Vox is a lightweight voice MCP server (~1,500 lines of Rust) providing local text-to-speech (Kokoro) and speech-to-text (Moonshine Base) via the MCP protocol. It runs as a stdio subprocess per MCP client, or as a shared HTTP daemon.

Build & Test

cargo check                    # type-check only
cargo test                     # run all unit tests (84 tests across 10 modules)
cargo clippy -- -D warnings    # lint — must pass with zero warnings
cargo build --release          # optimized build (LTO + single codegen unit)
cargo bench -- resample        # benchmark resampling

All of cargo test, cargo clippy -- -D warnings, and cargo fmt --check must pass before submitting changes.

Architecture

Module	Purpose
`main.rs`	Entry point, config loading, model download, stdio/daemon startup
`cli.rs`	Clap CLI parser: daemon, config, download-models subcommands
`server.rs`	MCP tool handlers (`say`, `listen`, `converse`), streaming TTS pipeline
`tts.rs`	Kokoro TTS engine wrapper, voice name → speaker ID resolution, sentence splitting
`audio.rs`	cpal-based mic capture and speaker playback, Lanczos-3 sinc resampling
`stt.rs`	Moonshine Base STT engine wrapper
`vad.rs`	Voice activity detection (Silero ONNX)
`config.rs`	TOML config loading, env var overrides (`VOX_*` prefix), path resolution
`daemon.rs`	HTTP daemon lifecycle: daemonize, PID file, start/stop/status/log
`models.rs`	Model readiness checks and download/extraction
`lib.rs`	Public re-exports for benchmarks (`audio`, `config`, `error`, `tts`)
`error.rs`	`VoiceError` enum with `thiserror` derives

Transport Modes

Stdio (default): rmcp::transport::stdio().

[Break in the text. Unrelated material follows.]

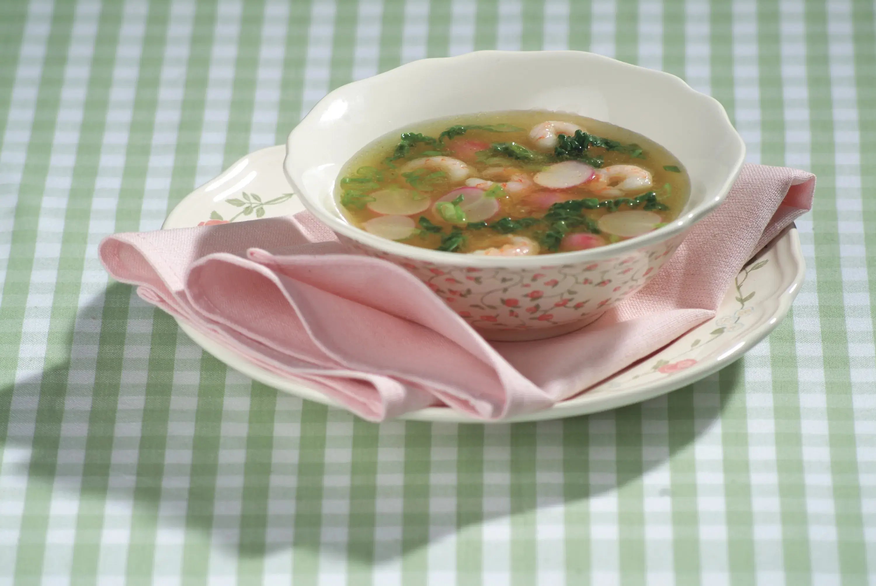 Plátky ředkviček dodají této orientální polévce nejen něžný půvab, ale i švih.
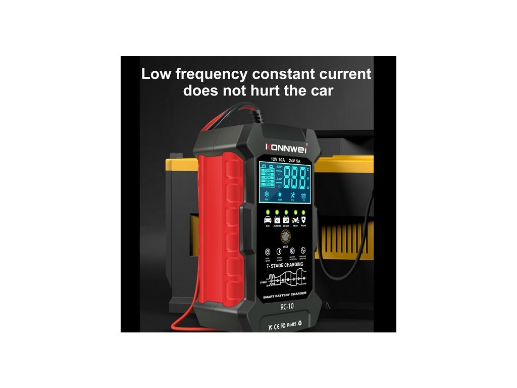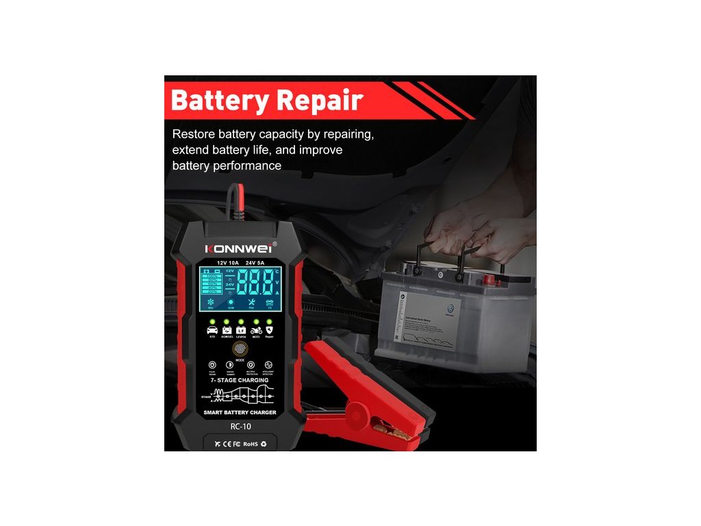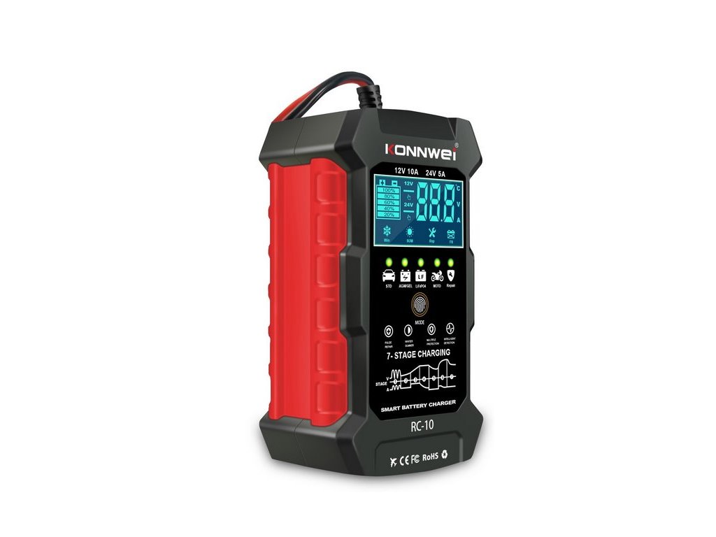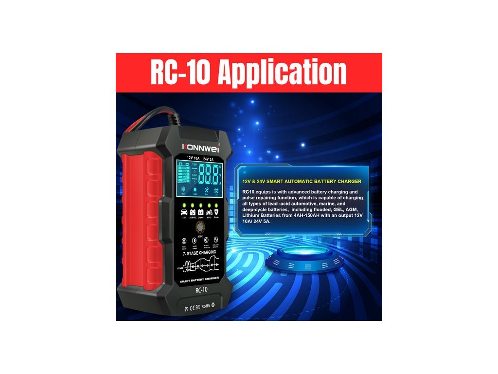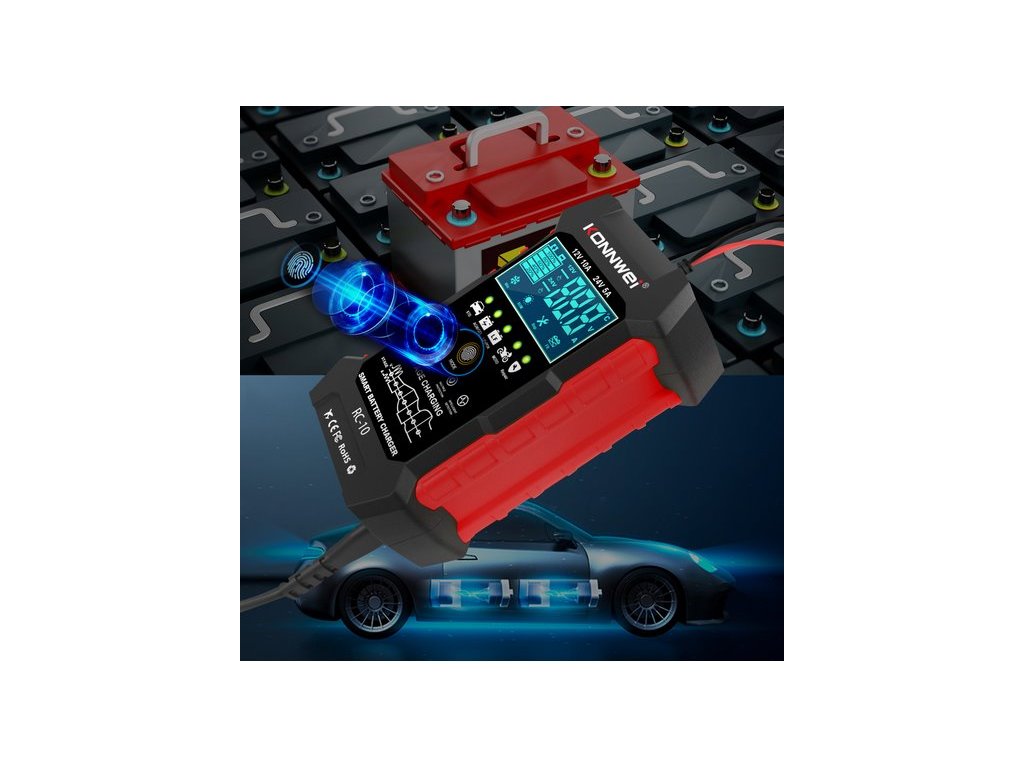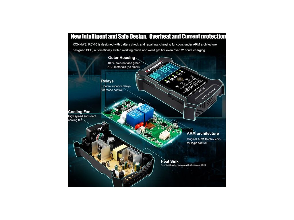 Inteligentní nabíječka akumulátorů KONNWEI RC-10 s funkcí desulface nabízí široký rozsah nabíjecího napětí 12-24 V a podporuje různé typy baterií, včetně AGM a LiFePO4.

One process per MCP client.
Daemon (vox daemon start [--port PORT]): StreamableHttpService via rmcp. Single process, models loaded once, multiple clients connect over HTTP/SSE. Factory closure creates a VoiceMcpServer per session with shared Arc<Mutex<TtsEngine>> and Arc<Mutex<SttEngine>>.

Config System

Precedence (highest wins):

Environment variables: VOX_SPEED, VOX_VOICE, VOX_MODEL_DIR, VOX_LOG_LEVEL, VOX_PORT
TOML file: $XDG_CONFIG_HOME/vox/config.toml
Compiled defaults (Config::default())

CLI management: vox config get [key], vox config set <key> <value>, vox config path

MCP Tools

Tool	Description
`say`	Speak text aloud through speakers (TTS only)
`listen`	Record from microphone and transcribe (STT only)
`converse`	Speak text then listen for response (TTS + STT round-trip)

Available Voices

American female (af_*): heart, alloy, aoede, bella, jessica, kore, nicole, nova, river, sarah, sky American male (am_*): adam, echo, eric, liam, michael, onyx, puck, santa British female (bf_*): alice, emma, lily British male (bm_*): daniel, fable, george, lewis

Default: af_heart (ID 0). Voices can be specified by name or numeric ID.

Code Conventions

Edition 2024 — uses let chains (if let Ok(x) = ... && let Ok(y) = ...)
Visibility: pub(crate) for test-only exposure, not fully pub
Clippy: treat all warnings as errors (-D warnings)
Tests: inline #[cfg(test)] mod tests per module, tempfile for filesystem tests
unsafe impl Send: TtsEngine and CaptureHandle have manual Send impls due to non-Send cpal/sherpa internals confined to dedicated threads

Dev Workflow

Make changes
cargo test — verify all 84 tests pass
cargo clippy -- -D warnings — zero warnings
cargo fmt --check — formatting
If touching audio.rs resampling: cargo bench -- resample

name	vox
description	Lightweight voice MCP server with local Moonshine STT + Kokoro TTS
version	0.1.0
tags	["mcp","voice","tts","stt","rust"]